■ **SUPPLIED MATERIAL**:
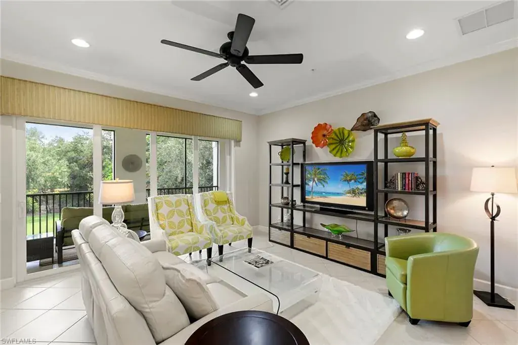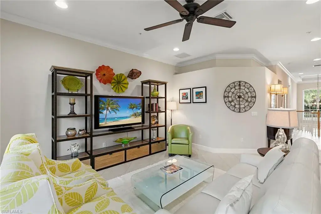 Resort-style luxury awaits in the prestigious gated community of Players Cove at Lely Resort. Spanning 2,743 square feet, this three-bedroom plus den, three-bath residence combines elegant finishes with exceptional functionality. The den can easily be converted into a fourth bedroom, and furnishings are included for a turnkey experience. Flooded with natural light, the open-concept layout features volume ceilings, plantation shutters, and a recently refreshed kitchen with new backsplash and countertops. A full wet bar with refrigerator adds a touch for effortless entertaining. A private elevator and impact-resistant windows provide convenience and peace of mind. The spacious lanai offers a lush landscaped water view, the ideal spot to unwind with tranquility. Primary suite impresses with a large California Closet and a refreshed primary bath including frameless shower and new countertops, while the second en-suite guest bedroom enjoys a private balcony. Notable updates include a new air conditioner in 2022, a new water heater in 2024, a new smart thermostat in 2024, and new bedroom carpeting in 2024. A versatile bonus room adds flexibility for a home office or additional storage. Custom cabinetry has also been added to the laundry and garage for ample storage. On a private cul-de-sac, Players Cove is just across the street from the award-winning Players Club & Spa. Your immediate membership with provide access to resort pools with waterfalls, a tiki bar, indoor/outdoor dining, tennis and pickleball courts, bocce, a luxury spa, fitness center and an incredible social life. Golf enthusiasts can enjoy three championship courses, including two public options and the private Classics course. This is more than a home, it’s a lifestyle. Experience the luxury, convenience and vibrant community that make Players Cove one of Naples sought-after addresses.
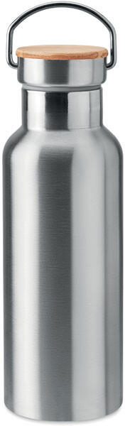 Duplafalú rozsdamentes acél termosz 500 ml űrtartalommal. Fém fogantyús bambusz kupakkal. A szublimációs nyomtatás csak a fehér színű terméken érhető el. Szivárgásmentes. A bambusz természetes anyag, színében, mintázatában és méretében esetenként eltérő lehet.
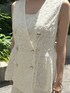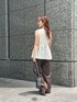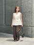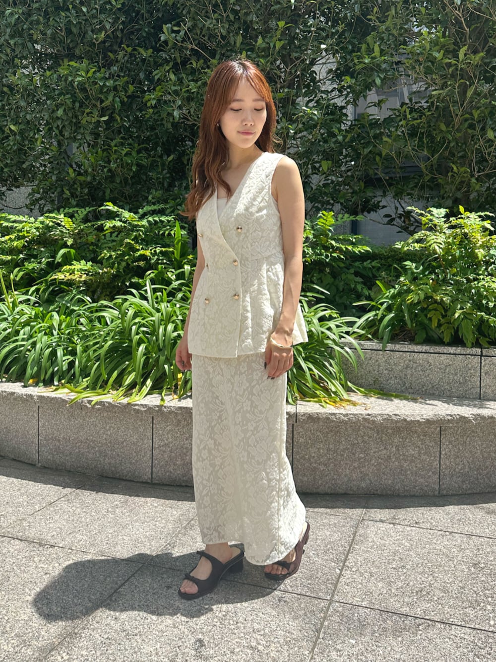 今の季節に映えるメッシュレースのジレは、同素材のスカートと合わせたセットアップ風コーデはもちろん、シーン別にボトムスを変えた着回しもおすすめです。トップスのペプラムシルエットが気になるウエスト周りをすっきりとさせ、パンツと合わせたコーデはオンスタイルにも着映えします。ヒールサンダルで軽さをプラスするのがポイントです。
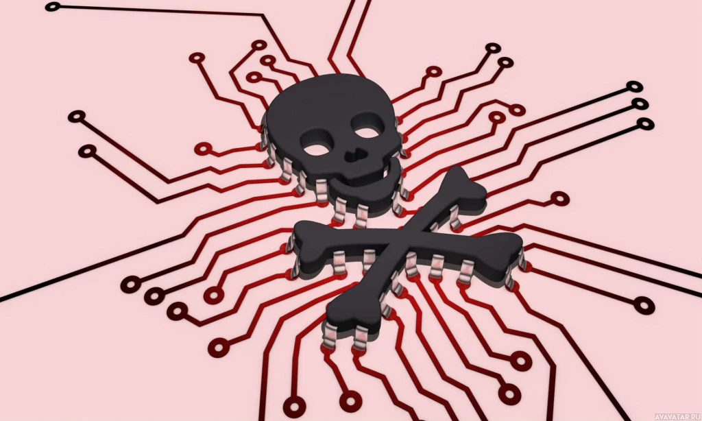 The image features a skull with

■ **WHAT YOU NEED TO DO**: Take the line with "Duplafalú rozsdamentes acél" and each line after it through the end of the material above, and reproduce them exactly, both ends included, without pictures.

■ **WRITTEN ANSWER**:
 Duplafalú rozsdamentes acél termosz 500 ml űrtartalommal. Fém fogantyús bambusz kupakkal. A szublimációs nyomtatás csak a fehér színű terméken érhető el. Szivárgásmentes. A bambusz természetes anyag, színében, mintázatában és méretében esetenként eltérő lehet.
 今の季節に映えるメッシュレースのジレは、同素材のスカートと合わせたセットアップ風コーデはもちろん、シーン別にボトムスを変えた着回しもおすすめです。トップスのペプラムシルエットが気になるウエスト周りをすっきりとさせ、パンツと合わせたコーデはオンスタイルにも着映えします。ヒールサンダルで軽さをプラスするのがポイントです。
 The image features a skull with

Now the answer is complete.